I hope I’m loud when I’m dead

Beatrice Gibson

Beatrice Gibson - I HOPE I'M LOUD WHEN I'M DEAD, 2018, 16mm transferred to HD courtesy of Laura Bartlett and LUX London

‘this mechanistic world…has required me to FIND MY BODY to FIND MY PLANET in order to find my poetry’ - CAConrad

I hope I’m loud when I’m dead by British director Beatrice Gibson is a dramatic and fast-moving elegy on life in the 21st century, recognizing poetry as a powerful tool to confront the uncertainties of our time. “Almost everything is OK”, says the artist in the video, “because their voices exist”. These are the voices of two of the most important American living poets, CAConrad and Eileen Myles, recorded by Gibson just prior to Donald Trumps’ inauguration as the 45th President of the United States in January 2017. Blended together with extracts from other great female poets quoted in the video - Audre Lorde, Alice Notley and Adrienne Rich - their verses offer themselves as antidotes to anxiety and the collapse, seen through scenes of violent conflict, environmental disasters and authoritarian drifts. These images are counterpoised to familiar episodes, scenes of tenderness and intimacy that reveal the personal nature of this work, with which the artist passes down the message of strength and hope offered by poetry and art to her children. In a cathartic ending that quotes Claire Denis’ movie Beau Travail, mother and son go crazy with an enthralling dance in a club. It's emotional and liberating.

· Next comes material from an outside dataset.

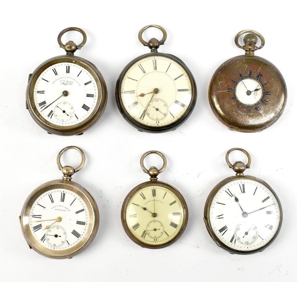 Lot 511 of 2175: Two hallmarked silver cased key wind pocket watches to include an example signed 'Alfred Russell & Co', with Roman numerals and subsidiary seconds dial, diameter 40mm, together with a hallmarked silver cased half hunter pocket watch, a further open face example stamped '935' to the case, a dial signed 'Henry E. Peck, London' and two further pocket watches (af) (6).

2018 – Video, 16:9, Colour, 5.1 surround sound, 14A, 21'
Courtesy of the artist and LUX, London

Beatrice Gibson
°1978, United Kingdom

Beatrice Gibson is a french-british filmmaker based between London and Palermo. Her films are known for their experimental and emotive nature. Exploring the personal and the political and drawing on cult figures from experiment literature and poetry - from Kathy Acker to Gertrude Stein - they are often populated by friends and influences and cite and incorporate co-creative and collaborative processes and ideas. Gibson is twice winner of The Tiger Award for Best Short Film, Rotterdam International Film Festival (2009 and 2013). In 2013 she was shortlisted for The Jarman Award for Artist's film and the 2013–15 Max Mara Art Prize for Women. In 2015 she won the 17th Baloise Art Prize, Art Basel. In 2019 she was the winner of the Images Festival Marian McMahon Akimbo Award for Autobiography and was shortlisted a second time for the 2019 Jarman Award for Artist's film. Recent solo exhibitions include Ordet, Milan; Macro, Rome (2023) and Civico Museo Castelbuono, Sicily (2023), Studio STUK Manhattan, Leuven (2022), Nogueras Blanchard, Barcelona (2020), Camden Arts Centre, London, Bergen Kunsthall, Bergen Mercer Union, Toronto (2019) and KW Institute for Contemporary Art, Berlin, (2018). Her films have shown at film festivals around the world, including at New York Film Festival, Toronto International Film Festival, London Film Festival, Oberhausen Film Festival, Courtisane Film Festival and Punto De Vista International Documentary Film Festival. Gibson's films are distributed by LUX London.